Die Privatbank von JPMorgan hat ihre Kunden in dieser Woche darauf hingewiesen, dass die Verschiebung der Wall Street hin zu privaten Blockchains, permissioned tokenisierten Einlagen und bankvermittelter Abwicklung eine tiefere strukturelle Bedrohung für Bitcoin darstellt als selbst der Verkauf eigener BTC durch Strategy. Das Argument: Wenn Tokenisierung, Zahlungsverkehr und Wertpapierabwicklung auf geschlossene Ledger umziehen, werden Aktivität, Liquidität und Kapital, die heute über öffentliche Schienen fließen, abgezogen, und die Bewertungen sinken entsprechend. Diese Warnung kommt zu einem Zeitpunkt, an dem bereits Pilots laufen: Swift erklärte, 17 Banken auf sechs Kontinenten, darunter Citi, HSBC, Standard Chartered, UBS, Wells Fargo und Itaú Unibanco, werden beginnen, Live-Zahlungen mit tokenisierten Einlagen auf dem neuen Blockchain-Ledger zu testen, während die DTCC am 4. Mai mitteilte, dass mehr als 50 Firmen, darunter BlackRock, Goldman Sachs, Morgan Stanley, Nasdaq und NYSE, ihrer Tokenisierungs-Arbeitsgruppe beigetreten sind, mit begrenzten Produktivhandelstransaktionen ab Juli 2026 und einem vollständigen Launch im Oktober.

Warum das wichtig ist

Das Ausmaß der im Aufbau befindlichen Infrastruktur verleiht der Warnung Gewicht. DTCC-Tochtergesellschaften wickeln bereits 4,7 Billiarden US-Dollar an Wertpapiertransaktionen pro Jahr ab, und DTC verwahrt über 114 Billionen US-Dollar an Vermögenswerten. Wenn tokenisierte Einlagen in bankkontrollierten Ledgern abgerechnet werden und tokenisierte Wertpapiere innerhalb der eigenen Infrastruktur der DTCC leben, berührt dieses Volumen nie die Gebührenmärkte, Liquiditätspools oder Token-Nachfrage, von denen Ethereum, Solana, Stablecoin-Emittenten und RWA-Plattformen abhängen. Citi's Tokenization 2030 Bericht von Juni 2026 skizziert den Preis: ein Basis-Szenario von 5,5 Billionen US-Dollar für tokenisierte Vermögenswerte bis 2030, mit einem Bear-Szenario von 2,7 Billionen US-Dollar und einem Bull-Szenario von 8,2 Billionen. Die BIS griff das Risiko in ihrem Jahresbericht von Juni 2026 auf und stellte fest, dass private permissioned Netzwerke die regulatorischen und Governance-Anforderungen des Finanzwesens erfüllen, aber Gefahr laufen, geschlossene Gärten zu errichten, die Wettbewerb und Innovation dämpfen.

Marktauswirkungen

Die Kehrseite der Warnung ist das Argument, das sie den Bitcoin-Bullen in die Hand spielt.

Verwandte Tokens
$BTC $ETH $SOL

Häufig gestellte Fragen

  1. Worüber hat JPMorgan konkret gewarnt?

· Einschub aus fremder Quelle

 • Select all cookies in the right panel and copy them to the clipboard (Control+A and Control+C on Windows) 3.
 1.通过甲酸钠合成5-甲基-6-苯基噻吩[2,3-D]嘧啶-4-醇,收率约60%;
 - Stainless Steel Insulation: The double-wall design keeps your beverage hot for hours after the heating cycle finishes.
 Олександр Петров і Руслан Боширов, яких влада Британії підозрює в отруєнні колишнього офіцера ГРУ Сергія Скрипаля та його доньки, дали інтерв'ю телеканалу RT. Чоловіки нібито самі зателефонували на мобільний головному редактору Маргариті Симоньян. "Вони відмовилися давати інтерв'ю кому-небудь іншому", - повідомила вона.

    Die Privatbank von JPMorgan hat Kunden mitgeteilt, dass die Verschiebung der Wall Street hin zu privaten Blockchains, permissioned tokenisierten Einlagen und bankvermittelter Abwicklung eine tiefere Bedrohung für Bitcoin darstellt als der Verkauf eigener BTC durch Strategy, da sie Aktivität, Liquidität und Kapital aus…

  2. Wie groß ist die private Abwicklungsinfrastruktur, auf die JPMorgan verweist?

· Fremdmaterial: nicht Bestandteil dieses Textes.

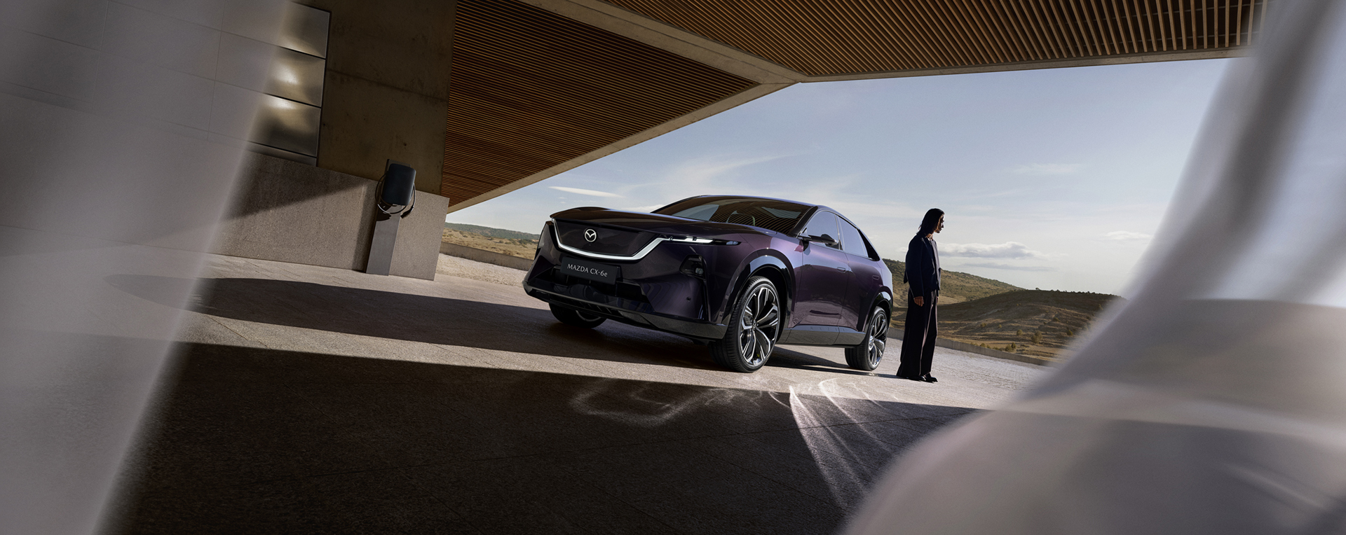 Azoknak, akik a konvenciók helyett valami különlegesre vágynak: a vadonatúj Mazda CX-6e új irányt ad „Kodo: A mozgás lelke” formanyelvünknek. Robusztus felépítése és áramvonalas profilja a futurisztikus megjelenés és az érzelmeket megszólító design ötvözete. Fénnyel játszó formája minden kontúrt élettel tölt meg, még álló helyzetben is, különösen az új Nightfall Violet színben. Tisztán elektromos SUV modellünket úgy terveztük, hogy a vezető és az autó között bensőséges kapcsolatot teremtsen – ezt az érzést nevezzük Jinba Ittai-nak. Minden utazás kényelmes, harmonikus és összetéveszthetetlenül Mazda: sima, csendes teljesítmény, precíz reagálás és akár 484 km-es hatótáv.
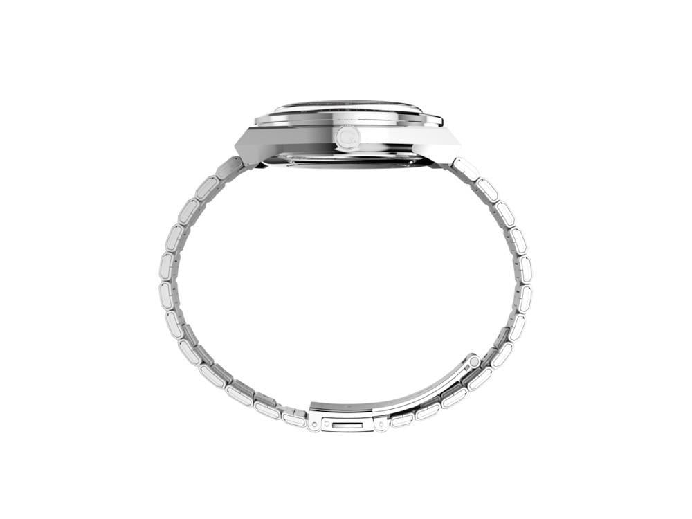 • The Timex Q Timex x NASA Apollo 17 is a men’s stainless steel watch that pays tribute to the historic 1972 space mission with a design inspired by the iconic 1970s Q Timex models. It features a silver-tone stainless steel case and bracelet, a black aluminum bezel with tachymeter scale, and a matching retro-futuristic dial. On the case back, the watch reveals the iconic “Blue Marble” image captured by the Apollo 17 astronauts. Completed with a brushed recycled stainless steel bracelet, this model combines space heritage, vintage design, and contemporary character in a unique and collectible timepiece.
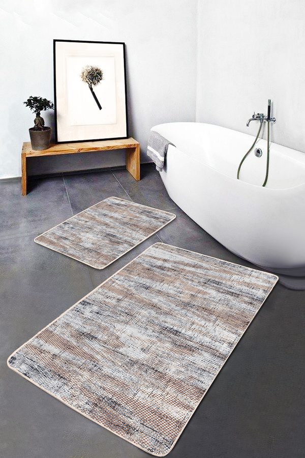 Füme – Ekru Zeminde Dokuma Motifli Eskitme Desenli Eskitme Motifli Modern Salon & Oturma Odası Mutfak Dijital Baskılı Makinede Yıkanabilir Kaymaz Taban Saçaklı Halı

    DTCC-Tochtergesellschaften wickelten 2025 Wertpapiertransaktionen im Volumen von 4,7 Billiarden US-Dollar ab, DTC verwahrt über 114 Billionen US-Dollar an Vermögenswerten, und Citis Tokenization 2030 Bericht von Juni 2026 nennt für tokenisierte Vermögenswerte bis 2030 ein Basis-Szenario von 5,5 Billionen US-Dollar,…

  3. Welche Banken und Firmen pilotieren bereits tokenisierte Abwicklung?

    Swift erklärte, 17 Banken auf sechs Kontinenten, darunter Citi, HSBC, Standard Chartered, UBS, Wells Fargo und Itaú Unibanco, werden Live-Zahlungen mit tokenisierten Einlagen auf dem neuen Blockchain-Ledger testen. Die DTCC teilte am 4. Mai mit, dass mehr als 50 Firmen, darunter BlackRock, Goldman Sachs, Morgan…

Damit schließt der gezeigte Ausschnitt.